“It’s Been a Real Joy”: Popular Baltimore Deacon Retires

From the Catholic Review in Baltimore:

Deacon Charles H. Hiebler spent his college years in seminary – first at St. Charles College Seminary in Catonsville, then at Mount St. Mary’s Seminary in Emmitsburg. He decided to leave after his first year of theology.

“For me personally, I felt I could do more for people without a Roman collar around my neck,” he said.

Looking back on his career, he thinks he was right – although he did receive Holy Orders to join the diaconate in 1984.

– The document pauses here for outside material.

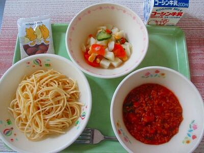 3月6日 牛乳 ミートソーススパゲティ(スパゲティ) じゃが芋と青菜のサラダ 洋梨タルト
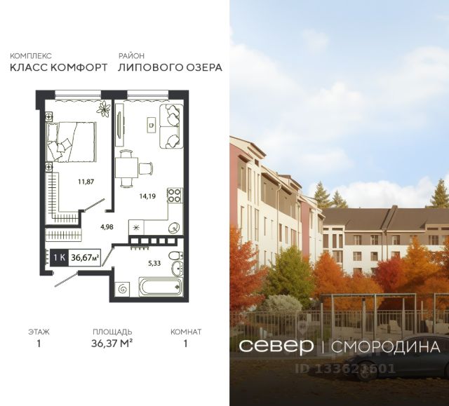 Продаётся квартира площадью 31.66 м2 в жилом комплексе "Смородина". Квартира находится на 1 этаже, жилая площадь квартиры 11.11 м2, площадь просторной кухни — 11.15 м2. Среди особенностей планировки — изолированные комнаты с окнами на одну сторону, 1 совмещённый санузел. Срок сдачи — IV кв. 2026 Жилой комплекс "Смородина" — это: - уютный малоэтажный комплекс в районе ММС - дома высотой 4 этажа - квартиры от студий до семейных вариантов с отапливаемыми лоджиями - экологичные материалы в благоустройстве территории Окружение В 5 минутах ходьбы от проекта — озеро Липовое с песчаным пляжем и лесопарковая зона. Инфраструктура В шаговой доступности есть все для комфортной жизни: школы, детские сады, магазины и аптеки. Рядом с проектом — остановка общественного транспорта. Благоустройство Прямо во дворе — собственные грядки для жителей, где можно выращивать зелень и цветы. Для детей оборудованы детские площадки из натуральных материалов. Лобби Вдохновленные современными тенденциями наши парадные разработаны с акцентом на эстетическую привлекательность и практичность. Использование натуральных материалов и ярких цветовых акцентов создает атмосферу уюта и стиля. Планировки Среди многообразия продуманных планировок есть и уютные студии, и просторные семейные варианты. Во всех квартирах предусмотрены отапливаемые лоджии, где можно устроить зону отдыха или рабочий кабинет.

He worked for 20 years for the Boy Scouts of America, spent several years in parish work, and is now retiring after more than a decade assisting an auxiliary bishop – first Bishop W. Francis Malooly, now bishop of Wilmington, Del., and then Bishop Mitchell T. Rozanski, vicar of the Seton Vicariate.

Deacon Hiebler’s retirement from the position as assistant pastoral planner to the Seton Vicar was effective July 1. The retirement does not affect his diaconate ministry at the Cathedral of Mary Our Queen in Homeland.

His work for the Seton Vicariate was something he thoroughly enjoyed, but he wants to spend more time with family and travel while in good health, he said.

Members of Immaculate Heart of Mary in Baynesville, Deacon Hiebler, 69, and his wife, Joyce, have three children and seven grandchildren.

When Deacon Hiebler joined the Catholic Center staff in 2002, there were three vicariates, or geographical subdivisions, within the archdiocese: Eastern, Western and Urban. They were reorganized in 2008, becoming the St. John Neumann Vicariate, which includes Baltimore City, Baltimore County and Harford County; and the St. Elizabeth Ann Seton Vicariate, which includes, from west to east, Garrett, Allegany, Washington, Frederick, Carroll, Howard and Anne Arundel Counties.

With the transition, Deacon Hiebler, who worked in the Western Vicariate, assumed duties for the Seton Vicariate, tending to parishes from the mountains to the Chesapeake Bay.

“It’s been a real pleasure to work with the many lay people in the parishes these many years,” Deacon Hiebler said. “It’s been a real joy.”